Fiverr's mixed Q3 results

Fiverr's third-quarter revenues rose 8% year over year to $99.6 million. A 9% smaller number of freelance service buyers spent 9% more per order. Fiverr's top-line growth stemmed from a significantly larger cut of each transaction, as the company's take rate rose from 31.3% to 33.9%.

Adjusted earnings per diluted share landed at $0.55, down from $0.64 in the year-ago period. At the same time, adjusted earnings before interest, taxes, depreciation, and amortization (EBITDA) rose 19% to $19.7 million.

The consensus Street projections had called for an adjusted net loss of $0.59 per share on sales of roughly $96.4 million. Investors brushed off the slight bottom-line miss to focus on Fiverr's surging sales and optimistic forward guidance.

Long-term goals and future growth prospects

Fiverr has refocused its business model around long-term relationships, with service buyers returning for several orders and trusted freelancers. Value-added services and client-matching tools powered by artificial intelligence (AI) have also emerged as strong near-term growth drivers.
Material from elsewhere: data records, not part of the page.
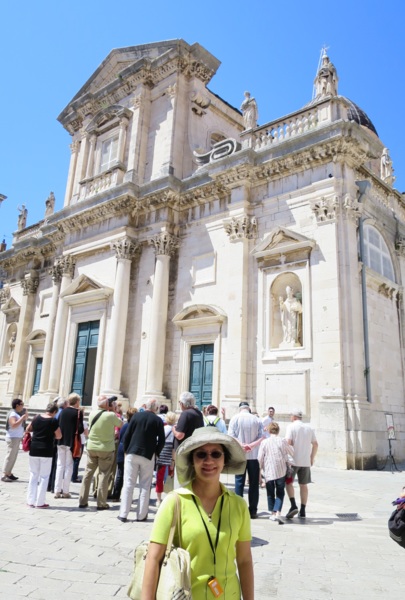 杜布尼克大教堂,右方牆面有聖布雷瑟雕像。聖布雷瑟自西元972年起就是杜布尼克的守護神。
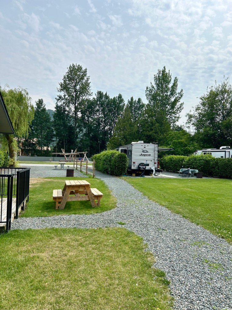 Pathfinder Agassiz is a small campground located a short drive from Agassiz and Harrison Village. It has 32 sites, most are full hook ups, as well as 8 cabins. The campground is set up as a square with sites around the perimeter. Most sites back onto the center green space.
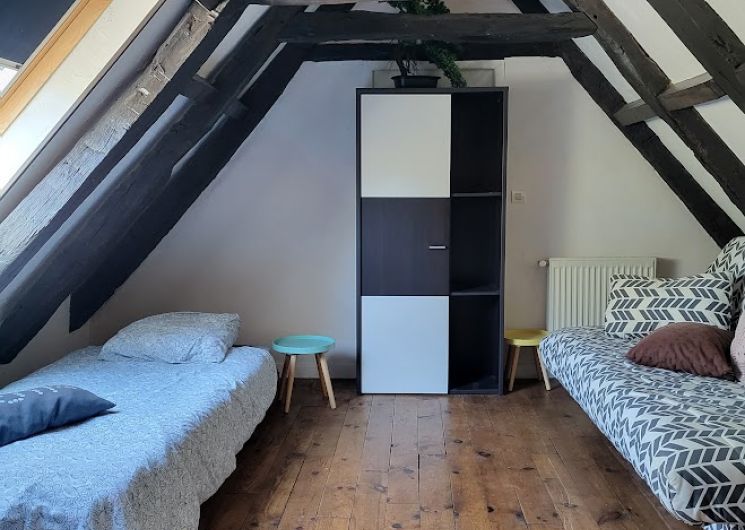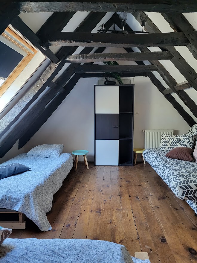 A rez de chaussée, vous entrez dans une belle pièce à vivre avec son coin cuisine et un très vieil évier en pierre , la partie séjour avec le poêle a bois et le canapé puis les 2 grandes chambres et la partie sanitaire comprenant la salle de bain , les WC et la buanderie . A l’étage, sous les combles , la chambre dite : » des enfants » avec les poutres apparentes .

Management raised their full-year revenue guidance by 1% and reiterated Fiverr's ambition to reach an adjusted EBITDA margin of 25% by the end of 2027. That margin stopped at 19.8% in the third-quarter report, up from 18.1% a year ago.

The gig economy survived the end of the coronavirus pandemic, and Fiverr looks ready to soar as the economy springs back from the recent inflation panic.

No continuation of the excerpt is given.